*** Opening of SUPPLIED INFORMATION ***

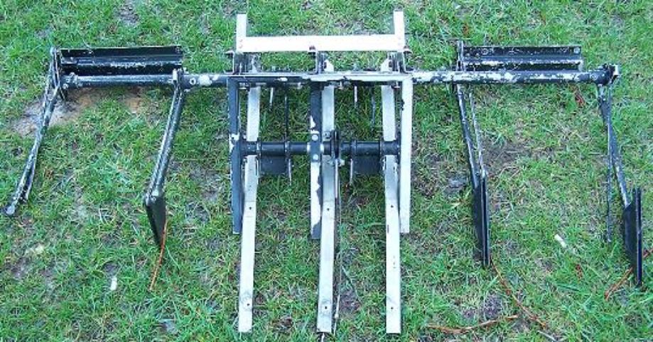 Rudder pedal control assembly. This is the complete assembly that mounted under the instrument panel. This assembly connected the pilot and co-pilot rudder pedals to the control cables for the rudder. |
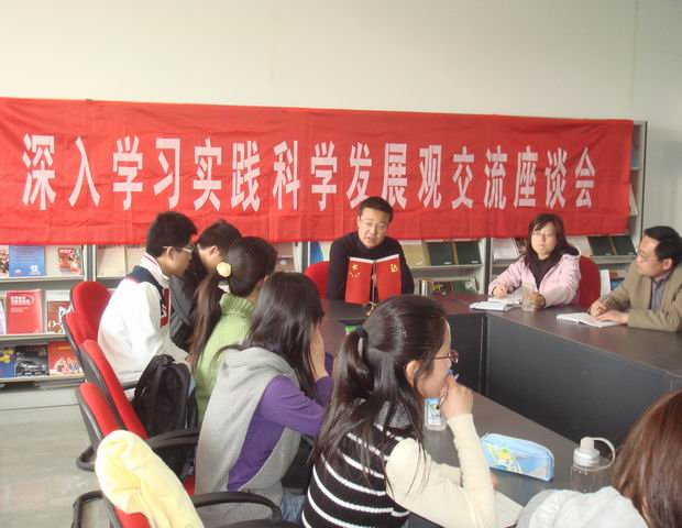 分团委书记孙静和辅导员周喜林结合自身工作经历教导全体党员同学要从小事做起,形成良好的学习、生活习惯,实事求是,与时俱进,努力践行科学发展观,做到活学活用。
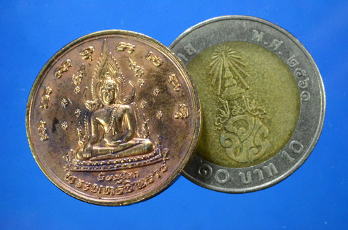 เหรียญพระพุทธชินราช หลังพระนเรศวรมหาราช รุ่นวังจันทร์ ปี 48 เนื้อทองแดง จ.พิษณุโลก สวยครับ |
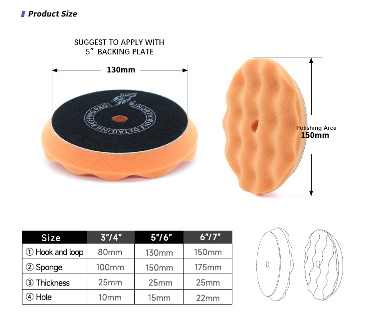 distributes polish and compounds evenly, minimizes pad grabbing, and effectively reduces heat during polishing. The reinforced hook-and-loop backing enhances durability and extends service life.

*** Close of SUPPLIED INFORMATION ***

## THE PROBLEM
The lines from the one containing "เหรียญพระพุทธชินราช หลังพระนเรศวรมหาราช รุ่นวังจันทร์" through the last line of the data above are to be transcribed exactly, both included, with all pictures left out.

## SOLUTION FOR THIS EXERCISE
 เหรียญพระพุทธชินราช หลังพระนเรศวรมหาราช รุ่นวังจันทร์ ปี 48 เนื้อทองแดง จ.พิษณุโลก สวยครับ |
 distributes polish and compounds evenly, minimizes pad grabbing, and effectively reduces heat during polishing. The reinforced hook-and-loop backing enhances durability and extends service life.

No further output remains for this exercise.